Placing bones beneath a church or other relics was a requirement for "consecrating" the ground and the building. The Castle Church at Wittenberg in Germany, to the door of which Luther nailed his famous Ninety-five Theses, had 19,000 saintly relics! [Will Durant: The Story of Civilisation: Caesar and Christ, New York, 1944-1977, Vol. 6, p. 339] Bishops were forbidden by the second Nicaean Council in 787 to dedicate a building if no relics were present; the penalty for so doing was excommunication!

Were these ideas taken from the Bible or from paganism?

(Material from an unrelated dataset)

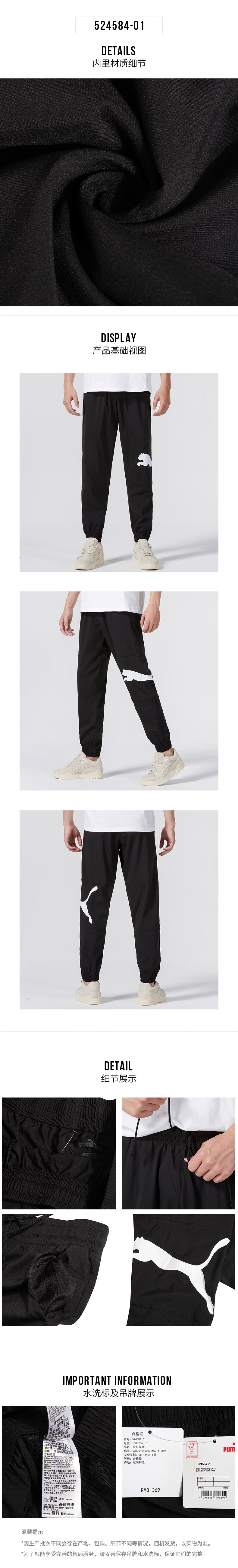 彪马(PUMA)男裤 秋季新款时尚户外跑步训练运动裤舒适透气休闲长裤 524584 黑色 XL
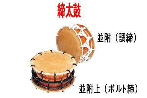 【全音(ゼンオン)締太鼓】並附上 締太鼓(ボルト締) ●仕様 並附上締太鼓(ボルト締) サイズ:1尺1寸5分 胴5寸 材質:胴・けやき 重さ:5Kg 付属品:バチ1組 ※納期についてはお問い合わせ下さい。

In the old legends, when Nimrod, the false "saviour" of Babylon, died, his body was torn limb from limb – part being buried one place, and part in another. When he was "resurrected", becoming the sun-god, it was taught that he was now in a different body, the members of the old body being left behind. This is in stark contrast to the death of the true Saviour, the Lord Jesus Christ, of Whom it was prophesied: "A bone of him shall not be broken" (John 19:36), and Who was resurrected in the true sense of the word. The resurrection of Christ resulted in an empty tomb, no parts of His body being left behind for relics!

In the old Babylonian mystery religion from which Romanism is derived, the various places where it was believed a bone of a god was buried were considered sacred – "consecrated" by a bone. "Egypt was covered with sepulchres of its martyred god; and many a leg and arm and skull, all vouched to be genuine, were exhibited in the rival burying places for the adoration of the Egyptian faithful." [Alexander Hislop: The Two Babylons, New York, 1959, p. 179]

Needless to say, the use of relics is very ancient and did not originate with Christianity. Even The Catholic Encyclopaedia actually admits that the use "of some object, notably part of the body or clothes, remaining as a memorial of a departed saint" was in existence "before the propagation of Christianity" and "the veneration of relics, in fact, is to some extent a primitive instinct associated with many other religious systems besides that of Christianity". [The Catholic Encyclopaedia, Vol. 12, p. 734]

If Christ and the Apostles did not use relics, but the use of such was known prior to Christianity and among other religions, do we not have another example of a pagan idea being 'Christianised' by the Church of Rome?

Relics can have no part in true worship, for "God is a Spirit: and they that worship him must worship him in spirit and in truth." (John 4:24) The extremism to which the use of imaginary and faked relics has led in the Church of Rome is certainly not "truth".

Some of the bones that were at one time acclaimed as the bones of saints have been exposed as the bones of animals! In Spain, a cathedral once displayed what was said to be part of a wing of the Angel Gabriel when he visited Mary. Upon investigation, however, it was found to be a magnificent ostrich feather! [Lorraine Boettner: Roman Catholicism, Philadelphia, 1962, p. 290]

The Catholic Encyclopaedia itself recognises that many relics are "doubtful", but fails to admit that probably all of them are fakes: "Many of the more ancient relics duly exhibited for veneration in the great sanctuaries of Christendom or even at Rome itself must now be pronounced to be either certainly spurious or open to grave suspicion [...]. Difficulties might be urged against the supposed 'column of the flagellation' venerated at Rome in the Church of Santa Prassede and against many other famous relics." [The Catholic Encyclopaedia, Vol. 12, p. 737] So much for the infallibility of Papal pronouncements!

How, then, is this discrepancy explained? The Catholic Encyclopaedia continues: "[...] no dishonour is done to God by the continuance of an error which has been handed down in perfect good faith for many centuries. [...] Hence there is justification for the practice of the Holy See in allowing the cult of certain doubtful ancient relics to continue." In other words, it is acceptable to believe a lie.

Even if we did have one of Mary's hairs, or a bone of the apostle Paul, or the robe of Jesus, would God be pleased with these things being used as objects of worship? According to the example of the brass serpent of Moses, He would not. If there is no real virtue in the actual hair, bone, or robe, how much less merit can there be in relics which are known to be fakes?

[Adapted, with acknowledgement, from Ralph Woodrow: Babylon, Mystery Religion.]